Methods:  We performed a retrospective analysis on the treatment group of the Endobronchial Valve for Emphysema Palliation Trial (VENT) to evaluate the impact of perfusion, measured by 99mTc-MAA-perfusion scintigraphy, on the 6-month improvement in 6MWTD. A mixed-model analysis was performed for the treatment outcome, adjusting for other variables such as age, target lobe position, fissure integrity, BMI, sex, destruction score, and lobar exclusion.

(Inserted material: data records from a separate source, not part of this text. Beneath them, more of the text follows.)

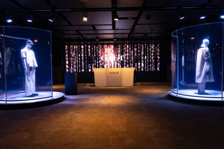 14日には、会員限定のトランクショーを実施。5階では「Edge Modern Luxury」と「Urban Essence」をテーマに、20mの巨大LEDビジョンに映し出された「ギルト・デジタル・ルックブック」の映像とDJによるサウンドが融合したダイナミックな空間を演出した。
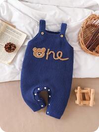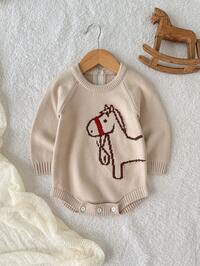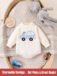 LullasweetSHEIN Baby Boys Casual Stylish Cute Beige With Twist Rope Floral Knit Jumpsuit, Soft & Comfortable, Suitable For Daily, Outings, Travel, Vacation, Home, Daycare, Autumn/Winter, Christmas, Back To School, Party, All-Match Baby Knit Outfit Baby Knit Jumpsuit
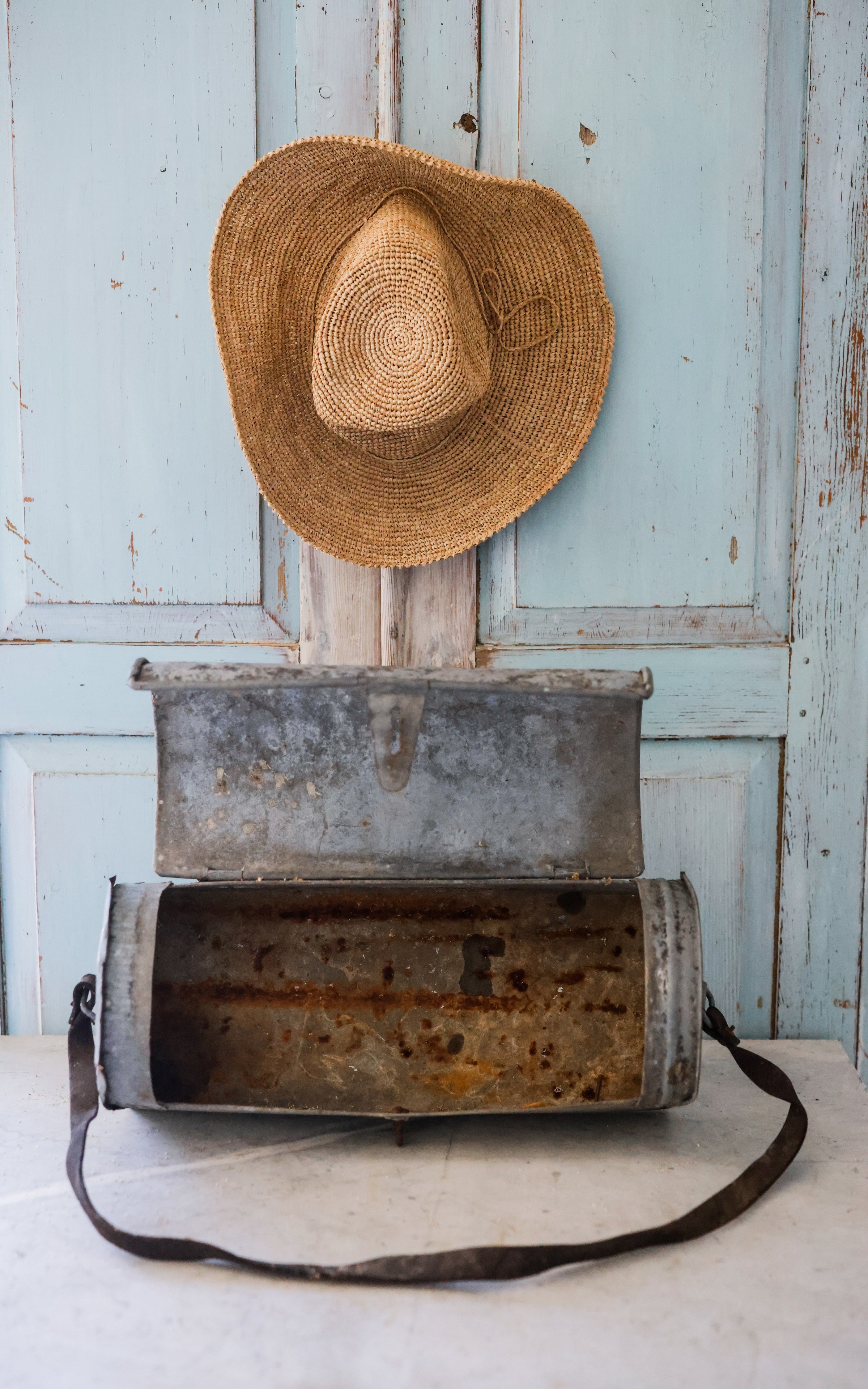 This is a vintage French zinc container. It is vintage and shows signs of wear and contains rust. The metal is worn in areas and may contain holes and indentations.
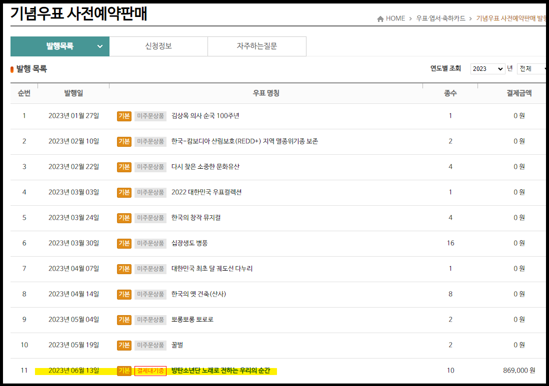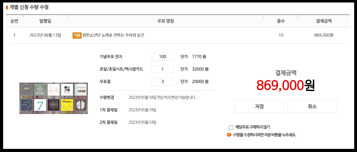 인터넷 우체국 > 기념우표 사전예약판매 > 결제정보 등록 > bts우표선택 > 구매수량 입력 > 신청정보 확인
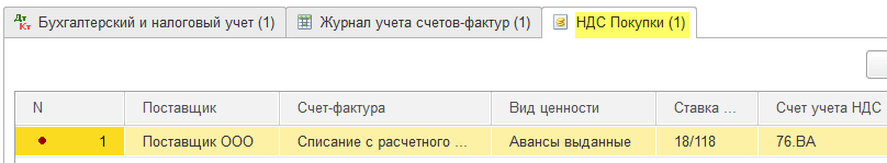 - Запись (со знаком +, приход) в этот регистр накапливает наш «входящий» НДС (аналогично записи в дебет 19 счета).
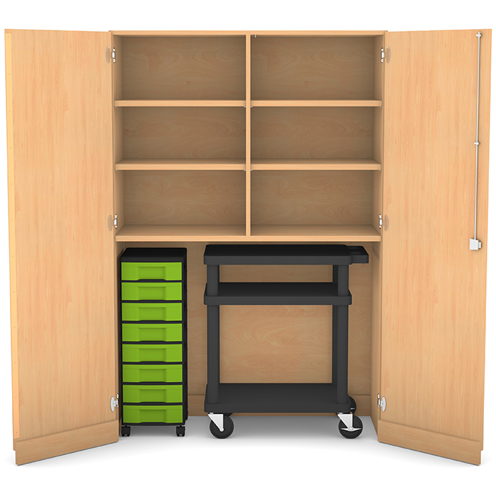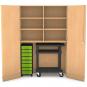 Die Schränke sind zweitürig mit Drehstangenschloss und verstellbaren Böden im Oberteil. Dank der hochwertigen Bauweise mit 19 mm starker Rückwand und der dicken Regalböden stehen die Garagenschränke enorm stabil auf dem Boden. Die Container und Wagen schieben Sie einfach aus dem Schrank direkt in den Klassenraum.
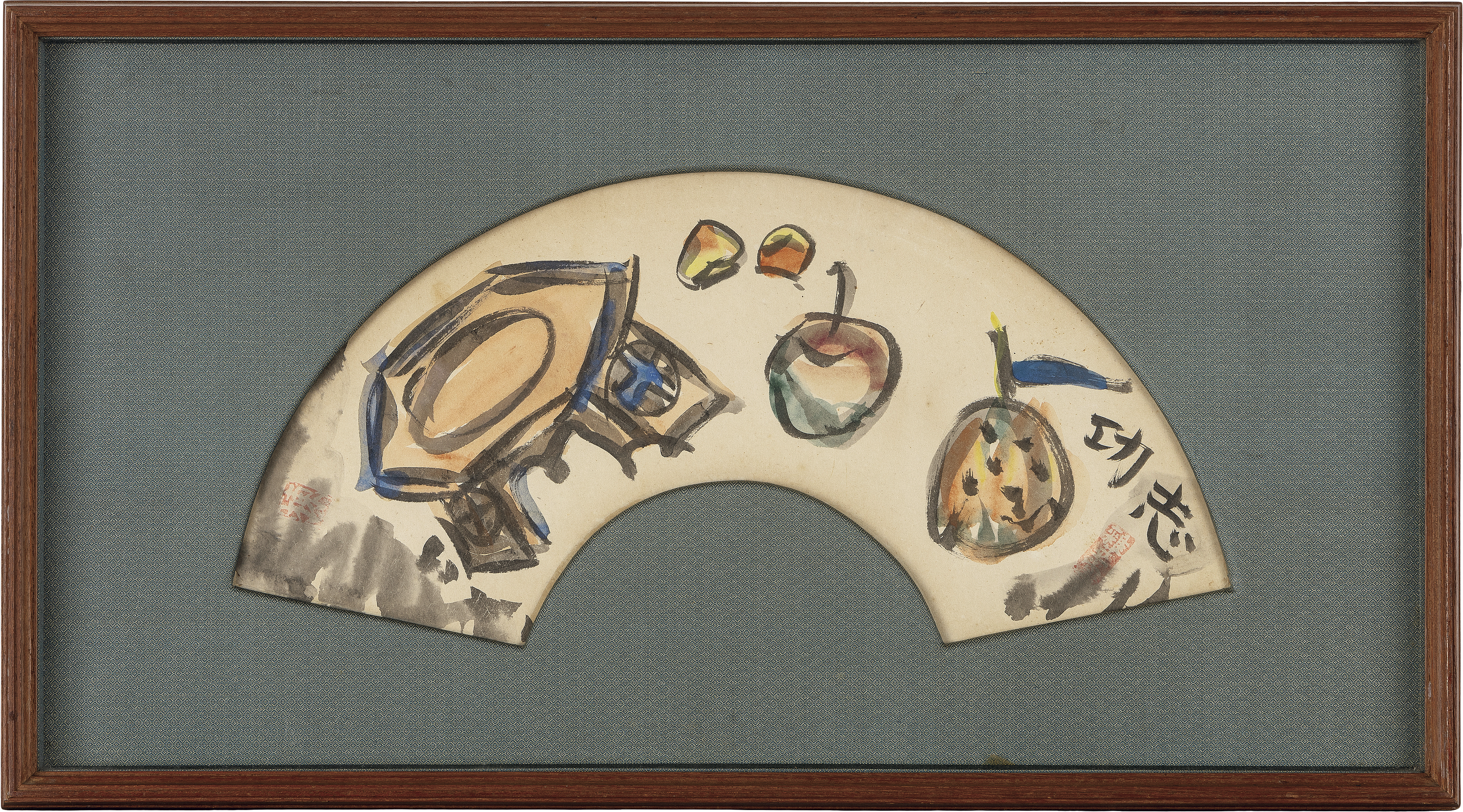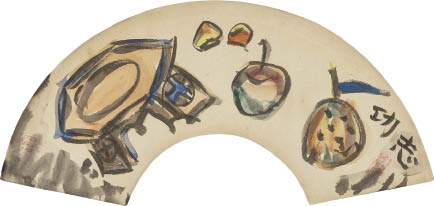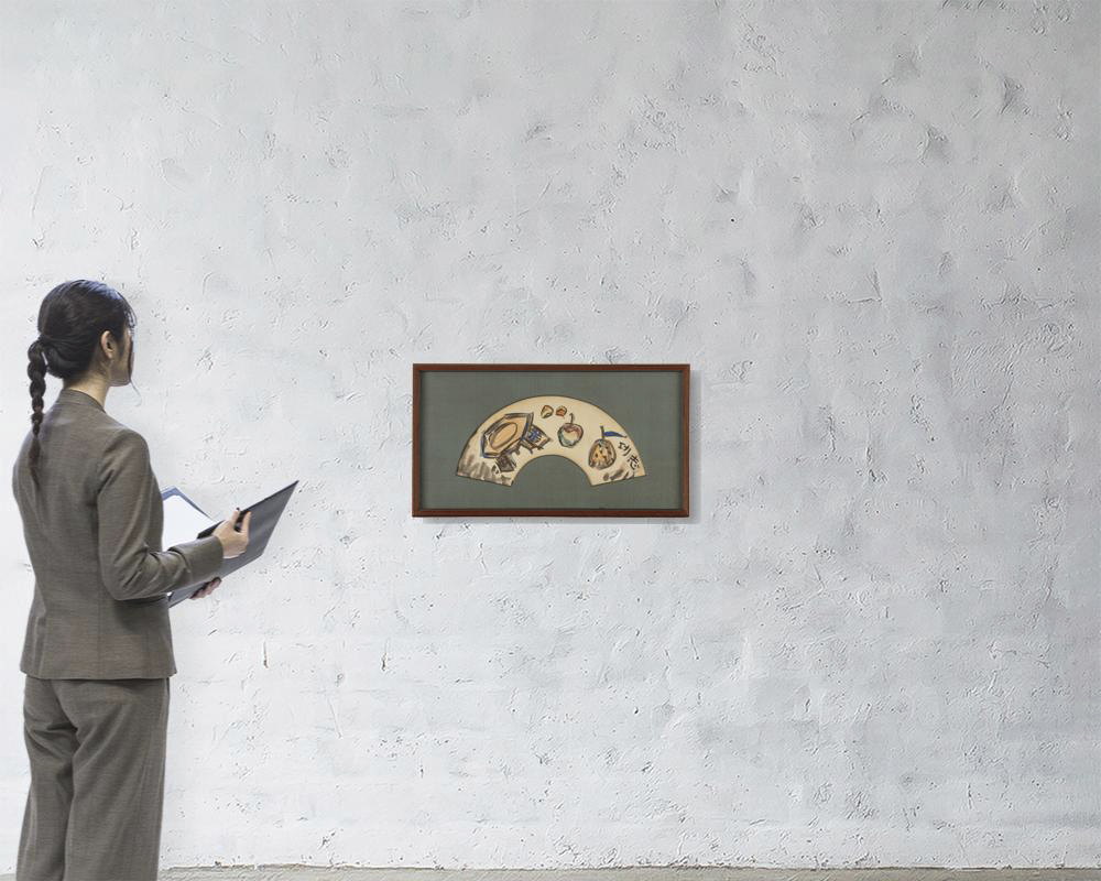 倭絵(紙本・彩色) 14.2×47.5(扇面型)cm 落款と印有 画面全体にヤケ、数ヶ所にシミ 額付
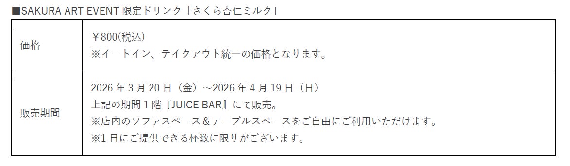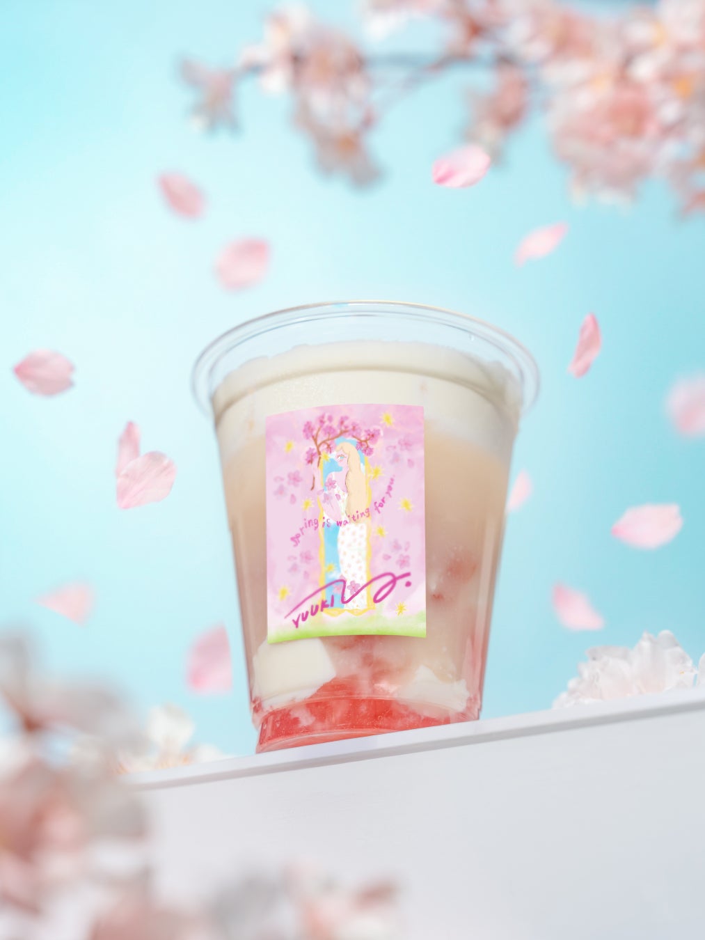 「SAKURA ART EVENT」第2弾のドリンクは、ライスミルク・ココナッツミルク・甘酒・桜ソースを合わせたほんのり桜色のミルクベースとなっております。中にはぷるっと食感が楽しい杏仁豆腐と桜ゼリーが入っており、混ぜると桜吹雪のように桜色が混ざり合う可愛らしいドリンクに仕上げました。
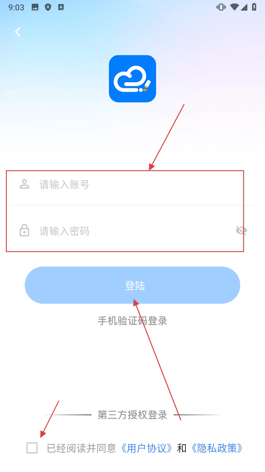 4、在账号密码登录界面,输入【请输入账号和密码,勾选协议】后点击【登陆】,即可完成账号登录。
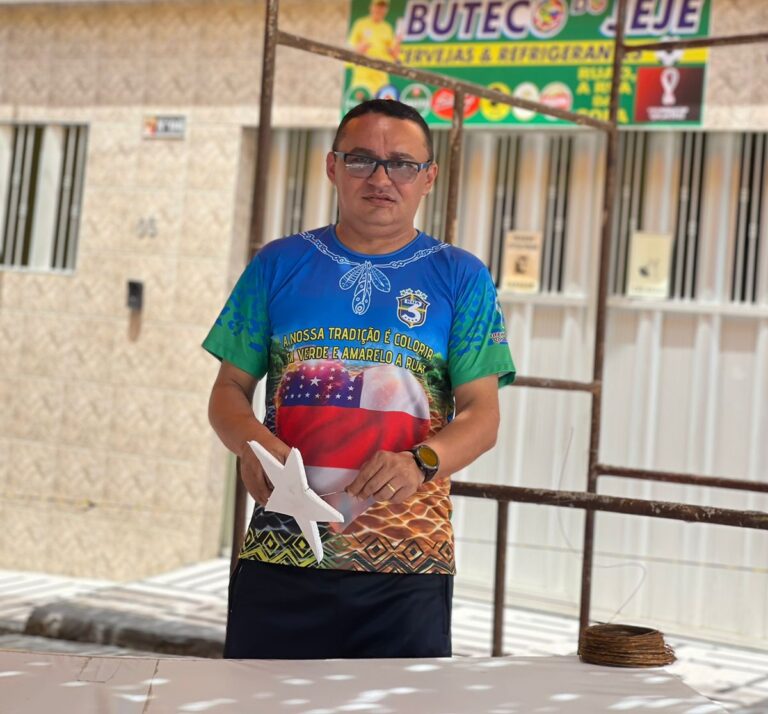 Erivelton Vieira, coordenador da ornamentação da Rua 3. Foto: Audrey Bezerra
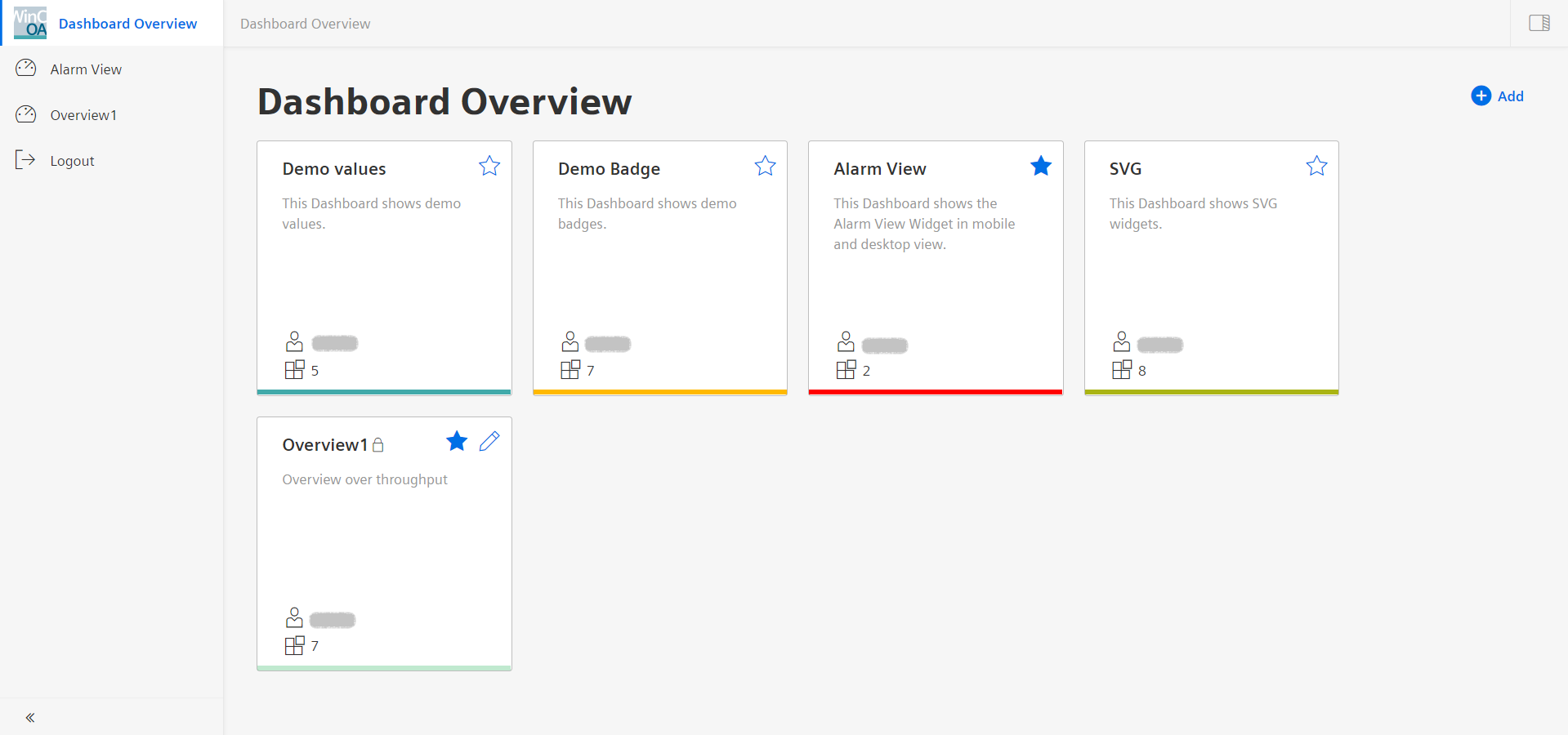 The Dashboard is angular-based and connects to WinCC OA via an HTTP Server. Thus it can be opened in all supported browsers, both on desktop and mobile devices.
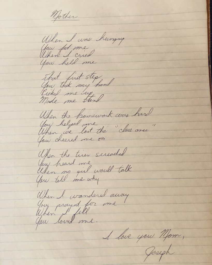 But at the ripe old age of nineteen, I wrote a poem for my mom. I’ll end with it.
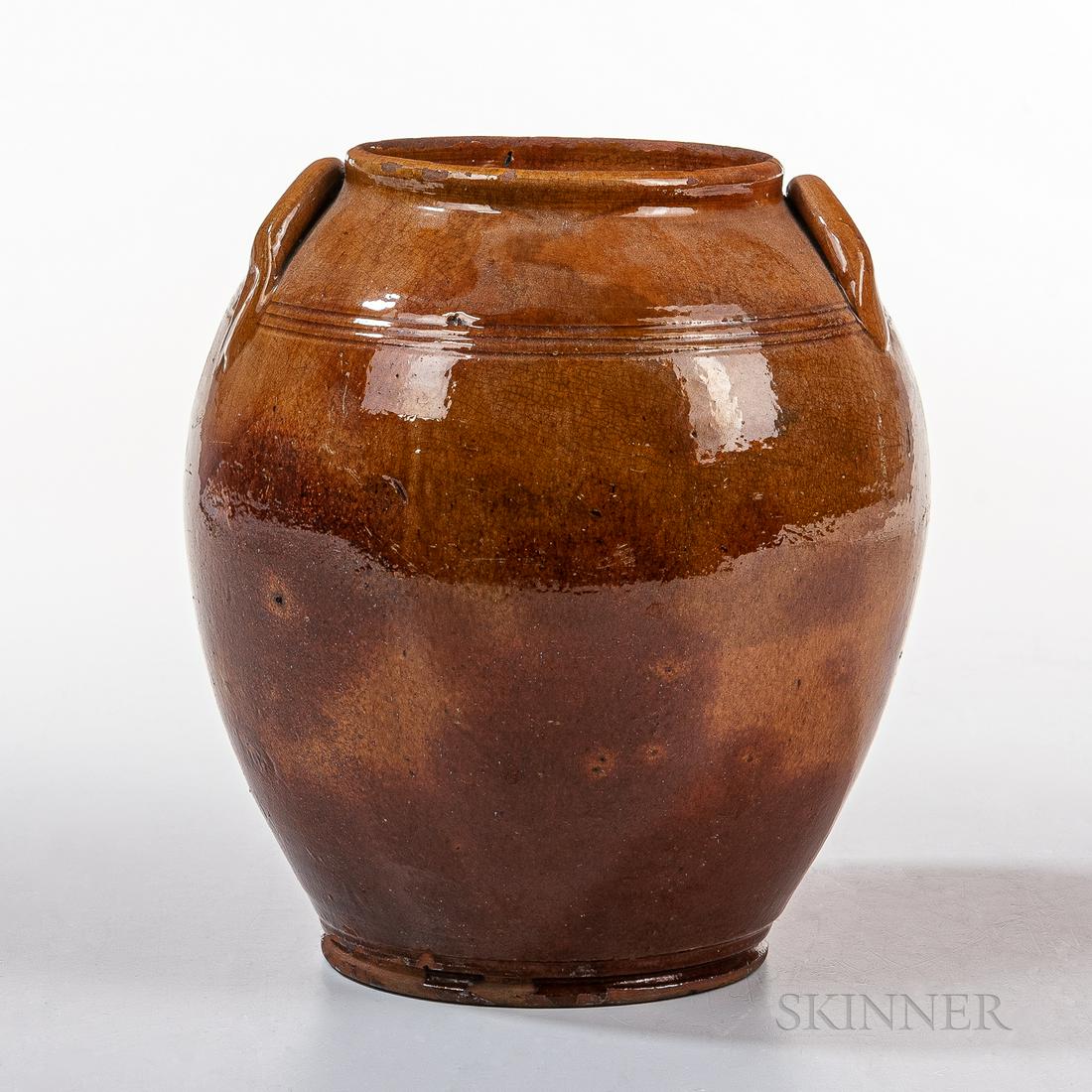 Orange- and Red-glazed Redware Jar, Massachusetts, c.
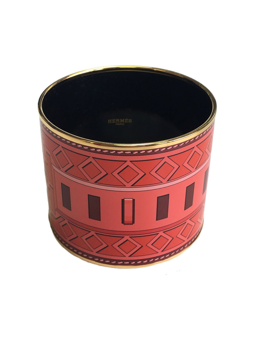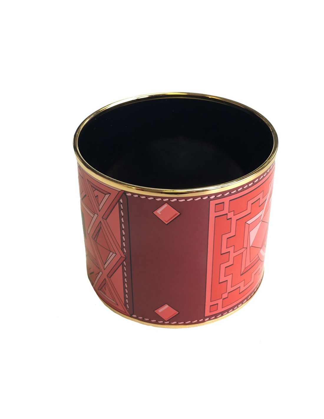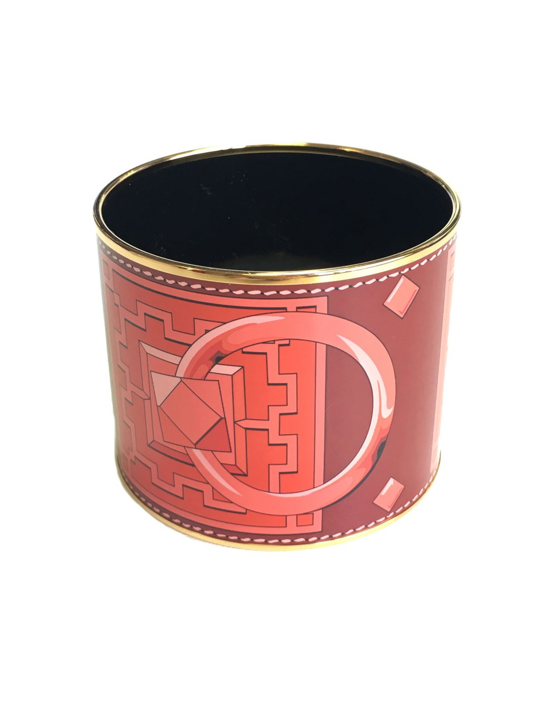Mega wide bracelet in red and pink HERMÈS enamel. The drawings are fine in red tones, dregs of wine and pink. The strapping is plated gold. Scratched 'Made in France + P'.

Results:  Dichotomized at the median, of the 169 patients who received EBV therapy, 88 had a low target lobe regional perfusion and 81 had high target lobe regional perfusion at baseline. Patients with a low target lobe regional perfusion had a significant improvement in 6MWTD when compared with those with a high baseline target lobe regional perfusion (30.24 m vs 3.72 m, P = .03). Shifts in perfusion after EBV therapy occurred only in patients with high baseline perfusion and did not correlate with improved 6MWTD.

Conclusions:  Patients having heterogeneous emphysema with a low baseline target lobe regional perfusion benefit from EBV therapy, independent of the degree of target lobe destruction. This effect is attenuated if the EBV therapy is not occlusive. Characterization of baseline perfusion may enhance clinical results of patients with emphysema undergoing EBV therapy.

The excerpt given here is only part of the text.